Page MenuHomePhabricator

[WIP] Index-while-building
Needs ReviewPublic

Authored by jkorous on Jul 8 2019, 8:20 PM.

Details

Summary

The entry points are EmitIndexAction and GenerateIndexAction classes.

Diff Detail

Event Timeline

jkorous created this revision.Jul 8 2019, 8:20 PM
Herald added a project: Restricted Project. · View Herald TranscriptJul 8 2019, 8:20 PM

Thanks for sharing this! I hope I will have time to dig into more detail.

At a high level, my main question is around layering.
Until now, lib/Index has mostly been a pretty abstract framework: it gathers information from ASTs and exposes it to callers, who then decide what to do with it.
This has served clangd pretty well: we've been able to hook into it, use our own storage, fix the occasional bug, and avoid a bunch of custom tree traversals.
My understanding is that historically XCode has used it in similar ways by out-of-tree consumers (possibly via libclang?)

This patch introduces another concrete consumer in-tree, which is great - making uses more visible helps everyone understand and change the API.
It's also well-layered!
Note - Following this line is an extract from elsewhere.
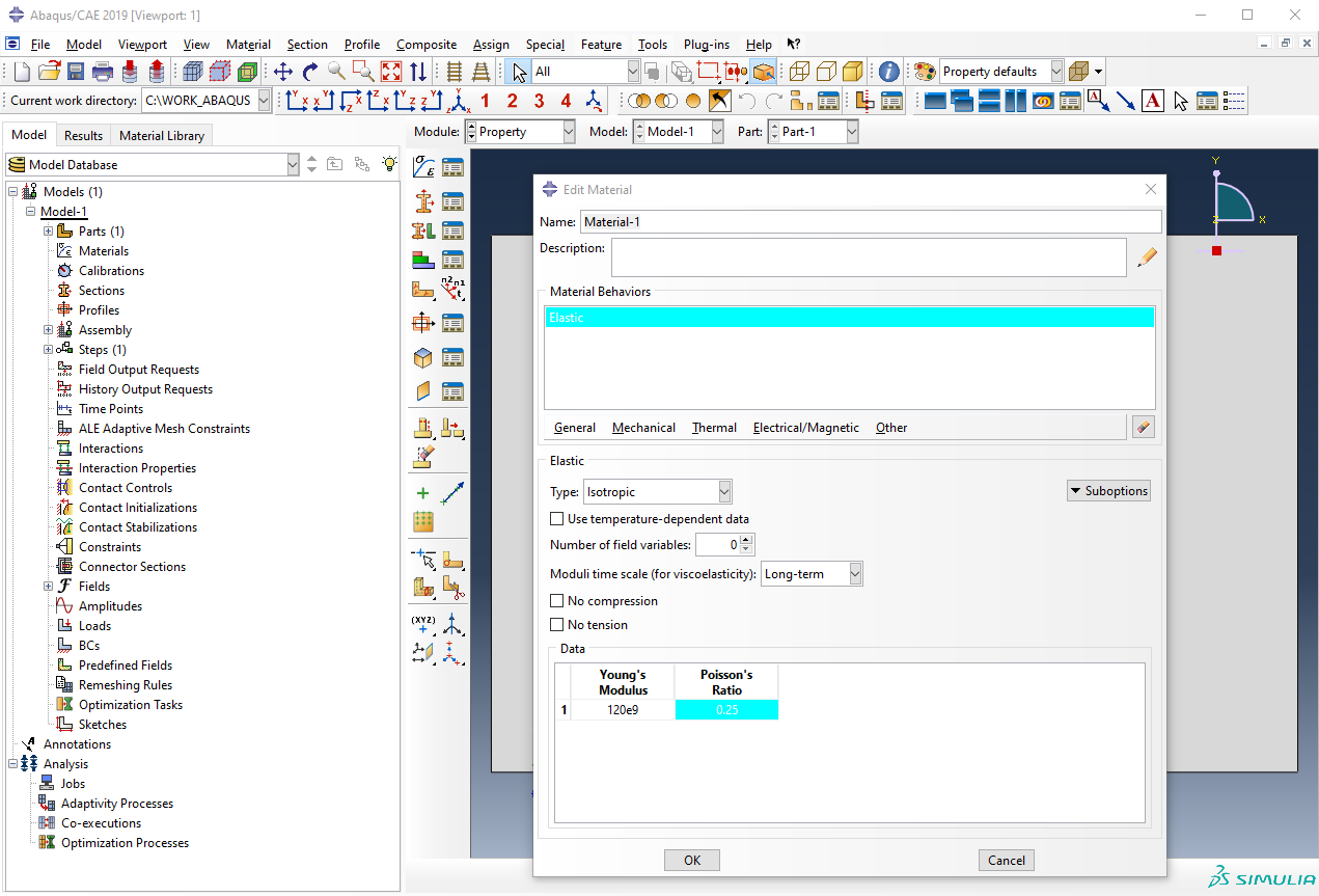 Przechodzimy do modułu "Property" i klikamy "Create Material". Z listy wybieramy "Mechnical->Elasticity->Elastic".

But much of it's in the Index library, which makes the layering more fragile:

  • it's unclear to me whether strict layering is intended here - there seem to be a couple of violations (though this is preview code)
  • it's not going to be clear to people arriving at the code which dependencies are OK, and whether IWB is special or one client of many
  • as it stands, there's no technical enforcement of layering (so it may rot), nor a way to depend on the abstract part but not the concrete part. This makes changes to the concrete part scarier.

If the currently-abstract parts Index becomes coupled to IWB over time, it'll be a regression for how clangd is using the library. Maybe we can converge on the concrete consumers too, but carefully (and not necessarily!)

Can we move the concrete parts to IndexStore directories (both header and impls)? (EmitIndexAction, DeclOccurrenceGenerator, IndexDataFormat, IndexDataStore, IndexRecordWriter, PathStorage, half of IndexOptions, BitstreamUtil, FSUtil, FileIndexRecord)

clang/include/clang/Index/GenerateIndexAction.h
34 ↗(On Diff #208580)

(this seems like suspicious layering, but also seems to be unused)

clang/include/clang/Index/IndexOptions.h
40

This file mixes abstract indexing stuff (IndexingOptions) with concrete (RecordingOptions)

clang/lib/Index/GenerateIndexAction.cpp
11 ↗(On Diff #208580)

I can't tell where this is used - it's suspicious if required

MaskRay removed a subscriber: MaskRay.
jkorous marked 4 inline comments as done.Jul 22 2019, 3:06 PM

Thanks for taking a look Sam!

I finished porting of all the changes on top of llvm.org master in the meantime. The updated patch contains all the code we'd like to land. Build (on macOS) and tests are fine.
I'll leave it as a single patch for now so we can finish discussion about layering and I'll split it into couple smaller patches once this is done.

I've put the actual index-while-building part into separate subdirectories for now. For now I went with IndexWhileBuilding name but I'm open to discussion.

clang/include/clang/Index/GenerateIndexAction.h
34 ↗(On Diff #208580)

Right. Removed.

clang/lib/Index/GenerateIndexAction.cpp
11 ↗(On Diff #208580)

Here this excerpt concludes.